Thoughts on Strategy

It is instructive to think about a few key differences between where the country and the progressive movement are at right now, several weeks after the 2006 mid-term Congressional elections, and where we were at the same time after such elections in 2002.

Four years ago, the Bushites were getting their ducks in a row moving towards the invasion of Iraq. The mass media were overwhelmingly complicit in allowing that invasion to happen by their parroting of the government’s positions about “weapons of mass destruction” and other lies and half-truths. Congress had voted in October to give Bush the political cover he needed for his pre-emptive war, although close to 30% of Senators and Congresspeople had voted “no,” a larger number than political pundits had expected.

On the Left, debate had begun to open up about what should be done to get the Bushites out of office. Some of those who had supported Ralph Nader and the Green Party in 2000 were beginning to publicly urge Nader/the Greens to forego a Presidential campaign so that we could all unite to get Bush out of office behind whomever the Democrats chose and to try to influence that choice.

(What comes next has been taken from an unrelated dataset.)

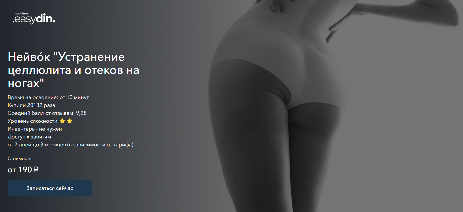 Время на освоение: от 10 минут <br>Купили 20132 раза <br>Средний балл от отзывам: 9,28 <br>Уровень сложности ⭐️⭐️ <br>Инвентарь - не нужен <br> Доступ к занятям на 6 месяцевeasydin.ru
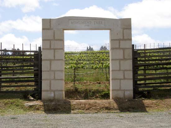 combination of well-drained sandy loam over clay loam. Monument Tree Vineyard was planted in 1999 to Dijon

Today, four years later, Bush, Cheney and Rumsfeld are seriously weakened. Their anticipated quick and easy war has now gone longer than U.S. involvement in World War II, and the U.S. is losing. Rumsfeld is gone, Bush is at 31% in the polls, Cheney is in the low 20’s, the Republicans are seriously divided and Congress is in the hands of the Democrats.

As far as Presidential politics, the big thing of the moment is Barack Obama, preaching the need to overcome the “red/blue” division, reach across political differences and find the ways to “move forward together as Americans.” At the same time, non-progressive voices like Thomas Friedman and Lou Dobbs have been writing and speaking, from different standpoints, about the need for a Reform Party-type, “middle-class” alternative to the Democrats and Republicans. And recent articles have reported that there is a noticeable increase in the number of people who are registering as independents.

Within the progressive movement, there’s been almost no debate so far that I’ve seen over the question of what should be done or who might be progressive Presidential standard bearers to get behind, whether as Greens/third party or within the Democratic Party.

It seems to me that this combination of political realities-a very weakened Bush/Cheney administration, broad discontent at the grassroots with both corporate-dominated parties and less vitriol among progressives over the third party question-provides some very real openings over the next two years, and beyond. We can take some big steps forward as far as the cohering and strengthening of a consciously progressive, grassroots based, independent political force.

One very concrete manifestation of these improving possibilities is the development of the U.S. Social Forum movement, building towards a gathering of an expected 20,000 or more people in Atlanta, Ga. in late June, 2007 (www.ussocialforum.org). And its significance is not just in the large numbers being projected. The U.S. Social Forum is of note because much of the leadership for this effort is being provided by grassroots organizations rooted in low-income communities and communities of color, those most affected by the ravages of global corporate policies. Two well-attended regional social forums have already been held, in the Southeast and the Southwest (not New York and California), indicating in a very real way that this is something new and important emerging on the U.S. progressive scene.

Strategizing is part of what will go on at the U.S. Social Forum. The third party question and what to do in 2008 will certainly be part of the discussion. But this is, ultimately, only one of a number of possible tactics in our arsenal. It seems to me that there is a need to look for other kinds of campaigns, approaches to building a massive issue-based movement that can unite people who may have differences on the strategy and/or tactics of Presidential politics but who are in agreement on issues and who agree that we should aim to have a political impact in 2008, present a common front to the country.

Over a year ago I was in discussions with some people about the idea of an organized campaign of town meetings convened for the purpose of discussing and developing an up-from-the-grassroots people’s agenda on issues. I continue to think that this is a good idea. What if, leading up to and emerging out of the Atlanta Social Forum, a broad cross-section of groups agreed to work together on such an effort, raising the funds, recruiting well-known speakers and musicians willing to travel, organizing a network of local grassroots-based groups and coalitions, putting together a skeletal initial draft of some possible planks in a people’s agenda to help focus local town meetings? Then, as the Presidential primary debates begin in the fall of 2007, we can be out there with our effort, building up steam and engaging more and more people, with the ideas emerging out of our campaign washing over, potentially, into both the Democratic (and even Republican) primary debates as well as the Green Party’s process of moving toward its decision.

And, just as importantly, we will be about the process of continuing to bring together the potentially powerful, organized national political force that rejects corporate politics-as-usual as it puts forward its emerging vision of an alternative.

It is true that another world is possible; indeed, another world is emerging out of the misery and oppression of the present. Let’s step up our efforts here in the belly of the beast to advance as quickly as possible toward that new world!